33 Inverse Gamma Distribution

The Inverse Gamma distribution is the distribution of the reciprocal of a Gamma random variable. In Bayesian statistics it is the standard conjugate prior for the variance \(\sigma^2\) of a Normal distribution, and it arises whenever one models precision or scale uncertainty.

Formally, the random variate \(X\) defined for the range \(X > 0\), is said to have an Inverse Gamma Distribution (i.e. \(X \sim \text{InvGamma}(\alpha, \beta)\)) with shape parameter \(\alpha > 0\) and scale parameter \(\beta > 0\).

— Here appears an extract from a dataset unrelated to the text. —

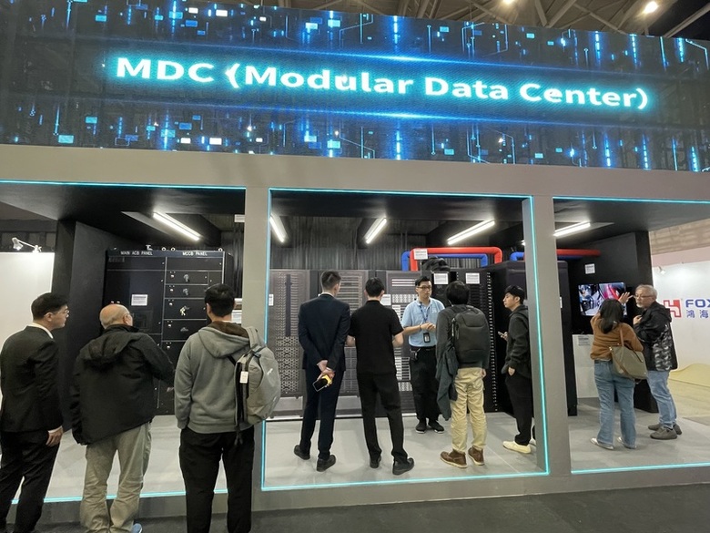 輝達(NVIDIA)將於美國時間16日至19日舉行GTC技術大會,市場矚目輝達與鴻海打造的先進人工智慧(AI)超級電腦Vera Rubin整機櫃方案。圖為2025年11月鴻海科技日展示的模組化資料中心。(中央社記者鍾榮峰攝)

If \(Y \sim \text{Gamma}(\alpha, \beta)\) then \(X = 1/Y \sim \text{InvGamma}(\alpha, \beta)\).

33.1 Probability Density Function

\[ f(x) = \frac{\beta^\alpha}{\Gamma(\alpha)}\,x^{-\alpha-1}\exp(-\beta/x), \quad x > 0 \]

The figure below shows examples of the Inverse Gamma Probability Density Function for different parameter combinations.

Code

dinvgamma <- function(x, alpha, beta) {
  ifelse(x > 0, beta^alpha / gamma(alpha) * x^(-alpha - 1) * exp(-beta / x), 0)
}

par(mfrow = c(2, 2))
x <- seq(0.01, 5, length = 500)

plot(x, dinvgamma(x, 1, 1), type = "l", lwd = 2, col = "blue",
     xlab = "x", ylab = "f(x)", main = expression(paste(alpha == 1, ",  ", beta == 1)),
     ylim = c(0, 1))

plot(x, dinvgamma(x, 2, 1), type = "l", lwd = 2, col = "blue",
     xlab = "x", ylab = "f(x)", main = expression(paste(alpha == 2, ",  ", beta == 1)))

plot(x, dinvgamma(x, 3, 2), type = "l", lwd = 2, col = "blue",
     xlab = "x", ylab = "f(x)", main = expression(paste(alpha == 3, ",  ", beta == 2)))

plot(x, dinvgamma(x, 5, 3), type = "l", lwd = 2, col = "blue",
     xlab = "x", ylab = "f(x)", main = expression(paste(alpha == 5, ",  ", beta == 3)))

par(mfrow = c(1, 1))

Figure 33.1: Inverse Gamma Probability Density Function for various parameter combinations

33.2 Purpose

The Inverse Gamma distribution arises naturally as the reciprocal of a Gamma random variable and plays a central role in Bayesian hierarchical modeling. Its most important application is as a conjugate prior for the variance parameter of a Normal likelihood. Common applications include:

Bayesian prior for the variance \(\sigma^2\) in Normal-Normal models (conjugate prior)
Posterior distribution of variance after observing Gaussian data
Modeling scale or spread parameters that must be positive
Scale-inverse-chi-squared distribution (reparameterized Inverse Gamma) in objective Bayes
Mixing distribution in hierarchical models (e.g., Student’s t as Normal-Inverse-Gamma mixture)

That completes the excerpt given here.